As a country whose main exports are good times, relaxed environments and iconic flora and fauna, the  global coverage of our bushfire disaster presents strategic challenges for Australia’s tourism growth.

Ritson argues that even though Australia’s environment may largely recover, how we appear in the global mind's eye may not, particularly if the image of a burning nation becomes an annual recurrence. 

 

A new pitching PhilAusophy

As the fires rage on, the short-lived conflict and media storm that surrounded the launch of Tourism Australia’s ‘PhilAusophy’ campaign has fizzled out.

Privately, some close to the PhilAusophy campaign say the strategy was much broader and bigger than the launch phase, which elicited some negative responses online around a perceived lack of diversity.

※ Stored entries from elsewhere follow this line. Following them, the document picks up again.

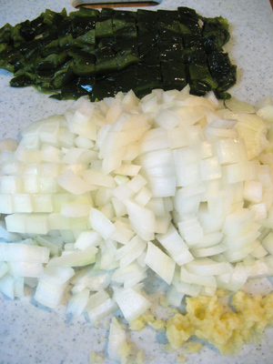 Dice one whole onion and mince 2 cloves of garlic on a microplane hand grater.  I roasted 2 poblano chiles in the oven, then peeled, seeded and chopped them.  If you are in a hurry, chop the poblano’s and cook them along with the onions.   I roasted them as a preference.
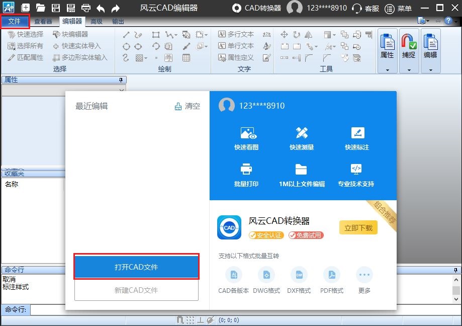 我们今天带来的这款cad文件处理工具叫做《风云CAD编辑器》,支持CAD快速看图、CAD快速测量、CAD快速打印、CAD修补断线等功能,拥有3D、2D空间切换,黑白背景灵活,转换文本内容快速查找,线段、面积快速测量,EMF,BMP格式转换,多角度查看图纸,全部功能围绕图纸审核,一看就会零学习成本,接下来就是小编带来的就是这个工具插入文字的详细步骤流程;
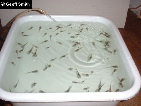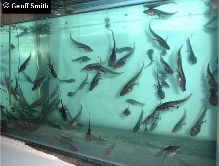 "These tadpoles are filter feeders, which means that they obtain their nourishment from food material suspended in the water. The biggest problem with this is that you cannot use a filtration system to maintain good water quality because it would deprive the tadpoles of food. Without a filter system the water is soon contaminated and the tadpoles exposed to the risk of disease so most of the effort has to be devoted to regular water changes.
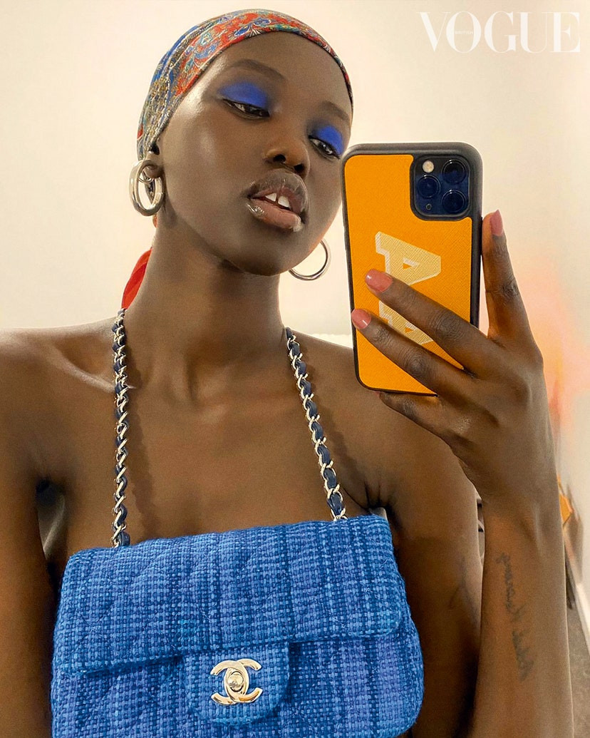 Người mẫu da màu Adut Akech che ngực với túi Chanel
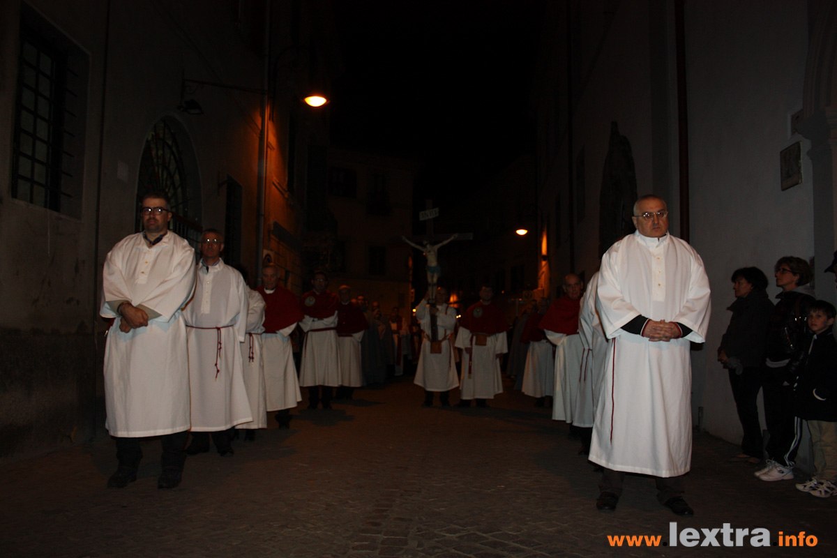 Nell’attesa del grande evento di domenica, con la Processione del Cristo Risorto, Tarquinia vive la settimana santa: dopo i Sepolcri del Giovedì, il Venerdì Santo ricorda la Passione di Cristo con la processione che vede sfilare, a lutto, le croci che a Pasqua correranno in festa.
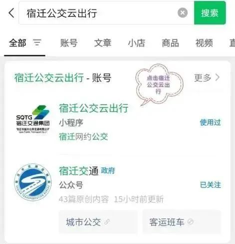 • 微信搜索“宿遷公交云出行”或手機掃公交站臺網約公交二維碼,進入小程序。
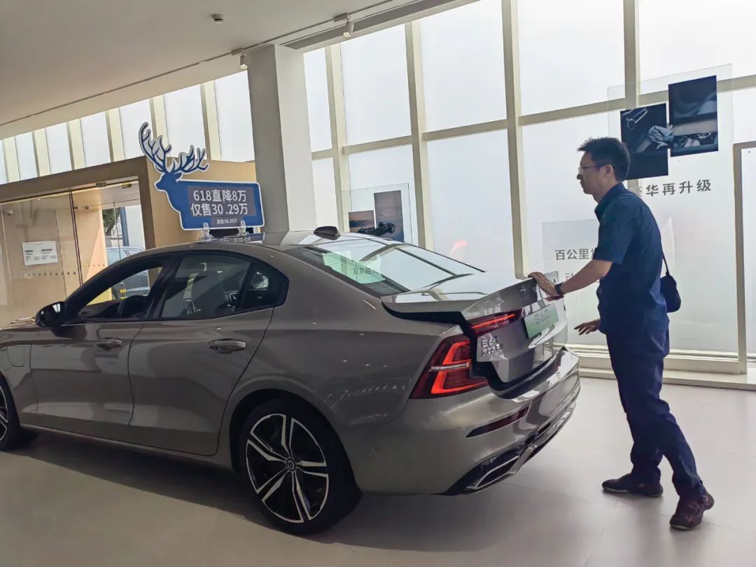 在澄浏中路的上海永达嘉沃汽车销售服务有限公司,门店新上市的沃尔沃XC60峡湾版被摆在显眼位置。新车沿用原有车辆的宽大空间,在车顶还装载了原厂行李箱。在价格方面,结合品牌方在“618”大促期间提供的2万元补贴,再叠加嘉定补贴,该车落地价在30万元左右。
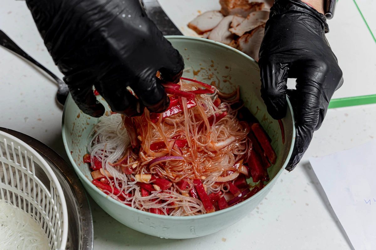 Салат с фунчозой — хорошее решение, когда не хочется готовить что-то сложное, а простые салаты надоели. Вместо арбузной редьки можно также взять дайкон или редиску. И кстати, если овощи быстро обжарить и прогреть с фунчозой, получится отличный вок.

Either way, the next stage of the $38 million marketing push has been benched for now and some have questioned whether the three-year plan can continue in the same direction or whether it will be scrapped entirely. 

The challenge here isn’t to prove that TA can continue to sell Australia to the rest of the world in the same fashion, especially if you are to believe Ritson’s thoughts, but rather about finding something else that makes Australia unique.

But it will require something powerful.

Initial estimates of the bushfires' impact have the total loss to tourism at least $4.5bn by the year end, with international tourist bookings down somewhere between 10-20 per cent.

One revenue director for a major Sydney hotel told Mi3 revenue for their establishment was down nearly $100,000 for the month in January.

This is especially concerning given the current investment already being made in luxury hotels throughout Sydney, thy added, with the next three years said to be the biggest in terms of room growth in Sydney's history.

In response to the concerns, the Morrison Government has announced a $76 million tourism recovery package to stem the losses incurred by the bushfires to date. According to reports, the breakdown includes $20m for domestic marketing and a further $25m for a global marketing campaign.